====================================
2018 has been a banner year. After a year-and-a-half in the making, "T.T. Mann, Ace Detective" was published by Levellers Press of Amherst and Florence, Massachusetts. Great job by Matt and Faith of Levellers!
I've already explained that T.T. Mann's bizarre physique--6' tall and weighing only 22 lbs.--came directly from the way our father told the story to my brother Dick and me. We were young and never questioned our father's description of the lead character.
But in the course of building a story around T.T. Mann's exploits, I tried to place T.T. in a realistic setting: San Francisco in the 1950s. I was aided by my wife Dorothy who, like me, was a high school and college student living in the Bay Area in that decade.
Throughout 2018 I experimented with using social media, mainly Twitter, to publicize my book. Did it pay off? I won't know for certain until I get a complete sales summary early next year. No matter what, I had fun venturing into a media environment that was new to me.

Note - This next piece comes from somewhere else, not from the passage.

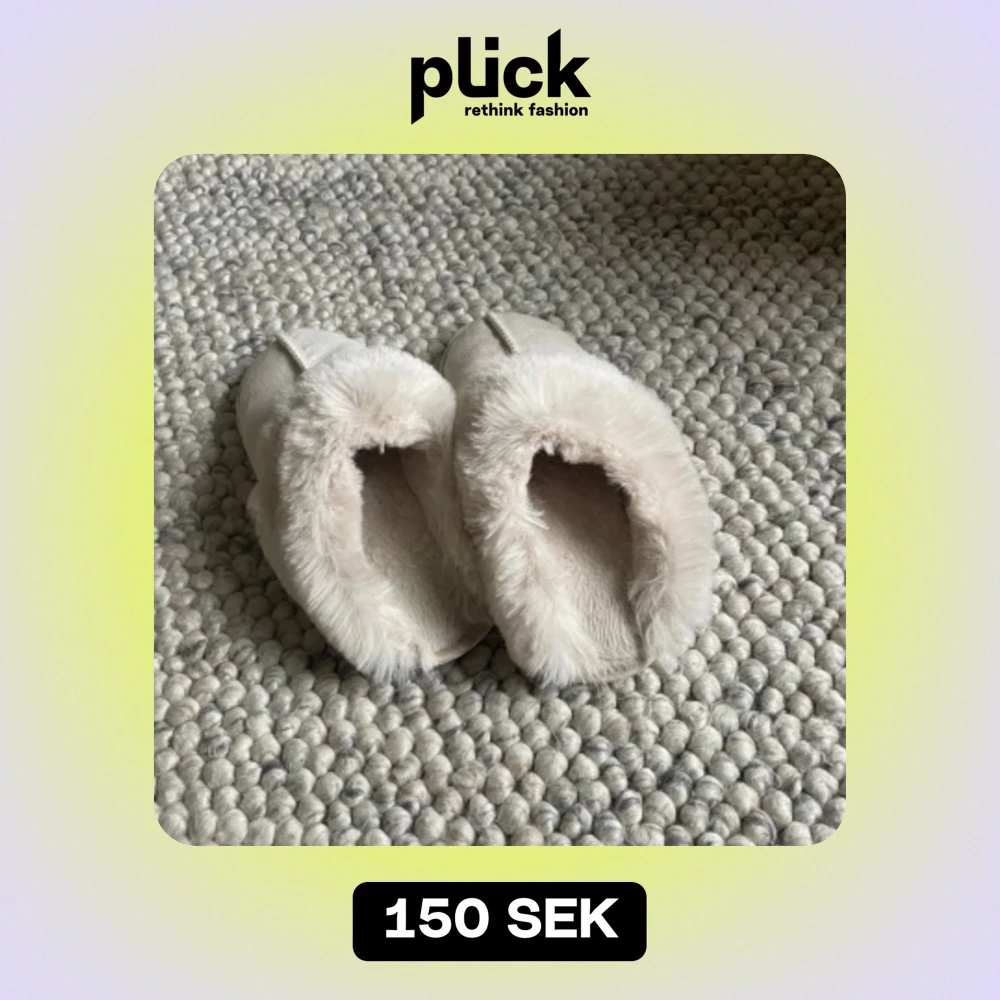 Vit-beigea fluffiga tofflor, välbevarade inte så mycket använda. Storleken är 39 men passar 38,5 till 40 också

Much earlier (the October 10th posting) I promised to point out a similarity between the way Dona Leon often concludes Guido Brunetti's cases and the way I chose to wrap-up the three cases T.T. pursued in this book. The similarity is this: All three of T.T.'s cases end without the villains being jailed. For example, in "Blondes Are Trouble," crime boss Biggie Fingers gets back the list of city officials he bribes without any of the bad guys being fined, fired, or sent to jail. The targets of Brunetti's investigations also usually get away despite their misdeeds. No easy resolutions! No simple conclusions in which crime does not pay.